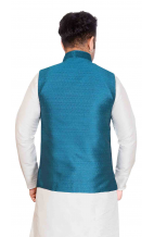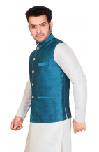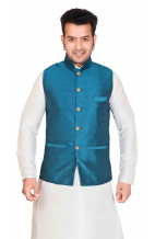 Men's traditional Indian fancy partywear waistcoat in plain silk blend fabric with viscose lining complemented with fancy buttons and front pockets. Available in various sizes. This costume is ideal for weddings, birthdays Eid, Mehendi, Diwali, pre-wedding, Bollywood theme, and fancy dress party.
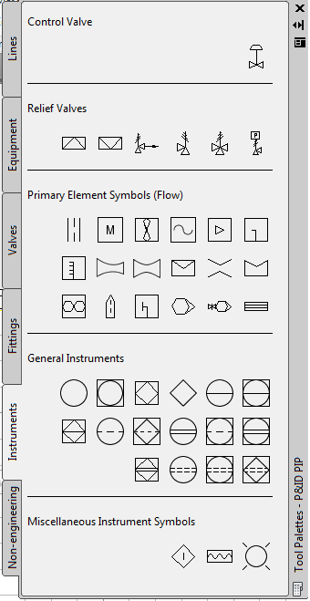 You add instruments as you would any other item. They are associated with a specific layer and color. You can substitute the control valve or topworks after adding an instrument to a drawing.
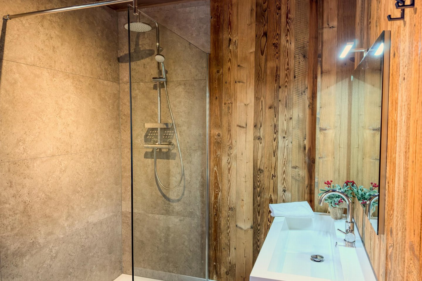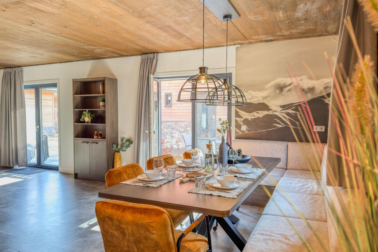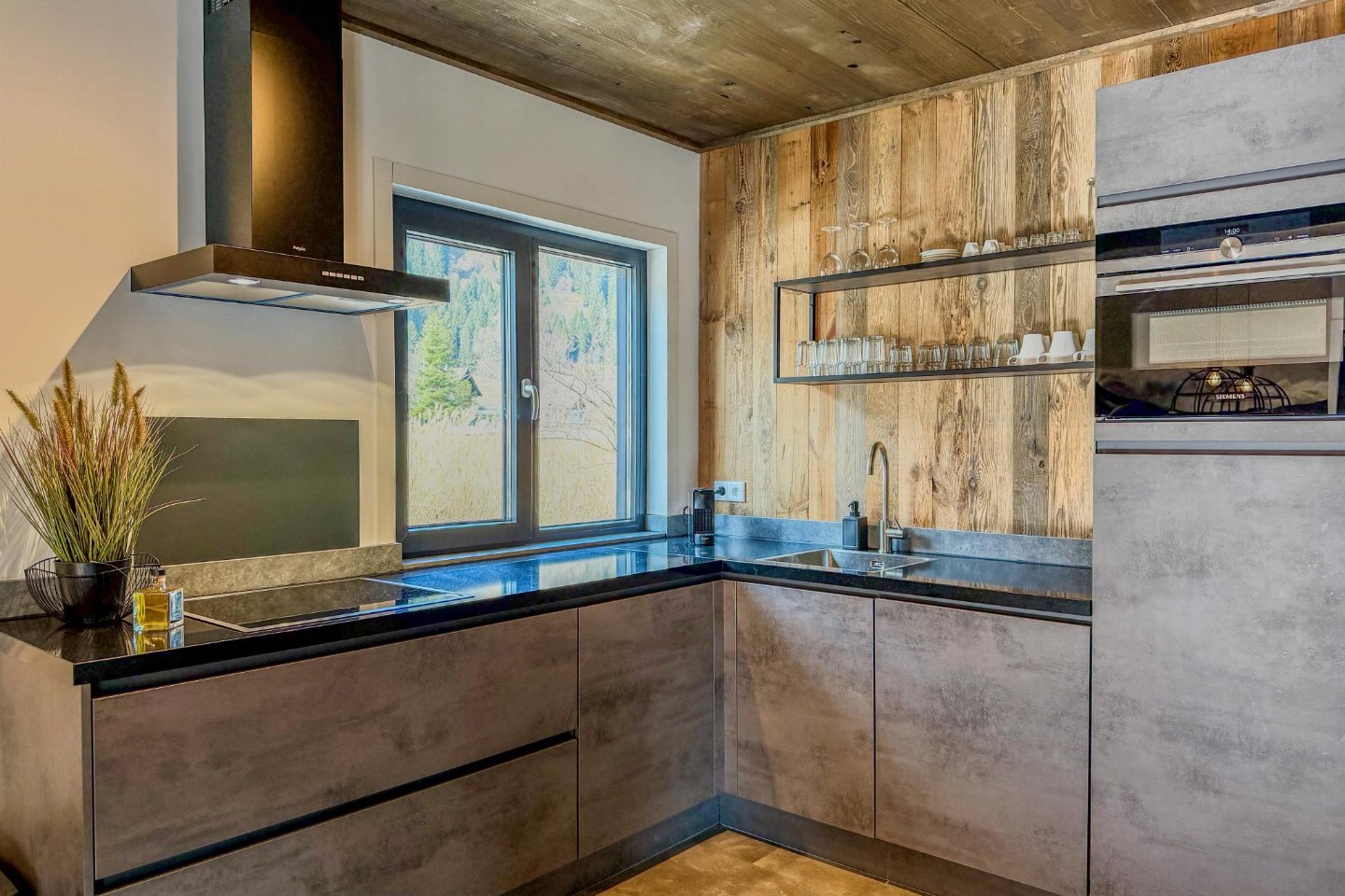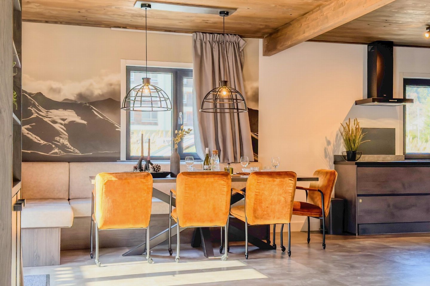 Begane grond(eigen entree): hal met stofzuiger , open keuken met kookplaat(4 kookplaten, inductie), waterkoker, afzuigkap, koffiezetapparaat(nespresso cups), combimagnetron, afwasmachine, koel-/vriescombinatie , woon/eetkamer met 2-pers. slaapbank(160 x 200 cm), TV(flatscreen, smart TV), eettafel(8 personen) , badkamer met douche(inloopdouche, Regen), wastafel , toilet met wastafel, wc , skiberging(buitenom bereikbaar), terras(privé, overdekt, verlicht, 25 m2)
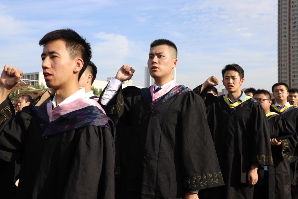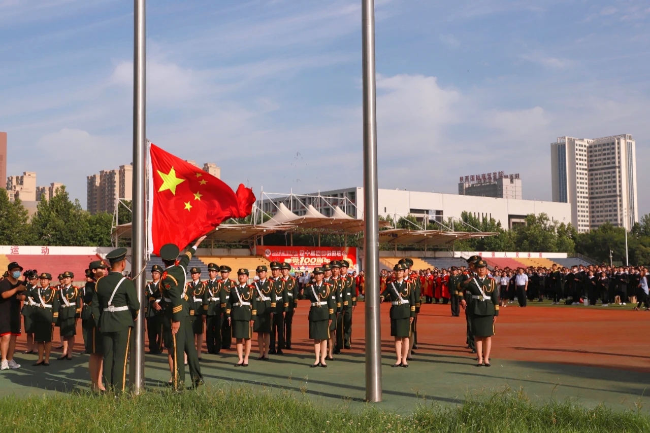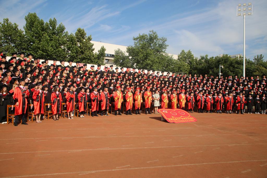 典礼开始前,全体人员与毕业生在南校区操场进行了最后一次升国旗仪式并在国旗下庄严宣誓,践行“立德笃学、允能躬行”之校训,发扬“尚德励志、勤奋自强、求实拓新、包容开放”之精神;随后,全体人员合影留念,齐唱《没有共产党就没有新中国》,参观党史图文展,在回望党的奋斗历程中感悟初心使命,争当新时代的有为青年。请党放心,强国有我!

**Try it**:
Everything in the listing above is to be given again exactly, apart from the pictures.

**Reply to the task**:
 Men's traditional Indian fancy partywear waistcoat in plain silk blend fabric with viscose lining complemented with fancy buttons and front pockets. Available in various sizes. This costume is ideal for weddings, birthdays Eid, Mehendi, Diwali, pre-wedding, Bollywood theme, and fancy dress party.
 You add instruments as you would any other item. They are associated with a specific layer and color. You can substitute the control valve or topworks after adding an instrument to a drawing.
 Begane grond(eigen entree): hal met stofzuiger , open keuken met kookplaat(4 kookplaten, inductie), waterkoker, afzuigkap, koffiezetapparaat(nespresso cups), combimagnetron, afwasmachine, koel-/vriescombinatie , woon/eetkamer met 2-pers. slaapbank(160 x 200 cm), TV(flatscreen, smart TV), eettafel(8 personen) , badkamer met douche(inloopdouche, Regen), wastafel , toilet met wastafel, wc , skiberging(buitenom bereikbaar), terras(privé, overdekt, verlicht, 25 m2)
 典礼开始前,全体人员与毕业生在南校区操场进行了最后一次升国旗仪式并在国旗下庄严宣誓,践行“立德笃学、允能躬行”之校训,发扬“尚德励志、勤奋自强、求实拓新、包容开放”之精神;随后,全体人员合影留念,齐唱《没有共产党就没有新中国》,参观党史图文展,在回望党的奋斗历程中感悟初心使命,争当新时代的有为青年。请党放心,强国有我!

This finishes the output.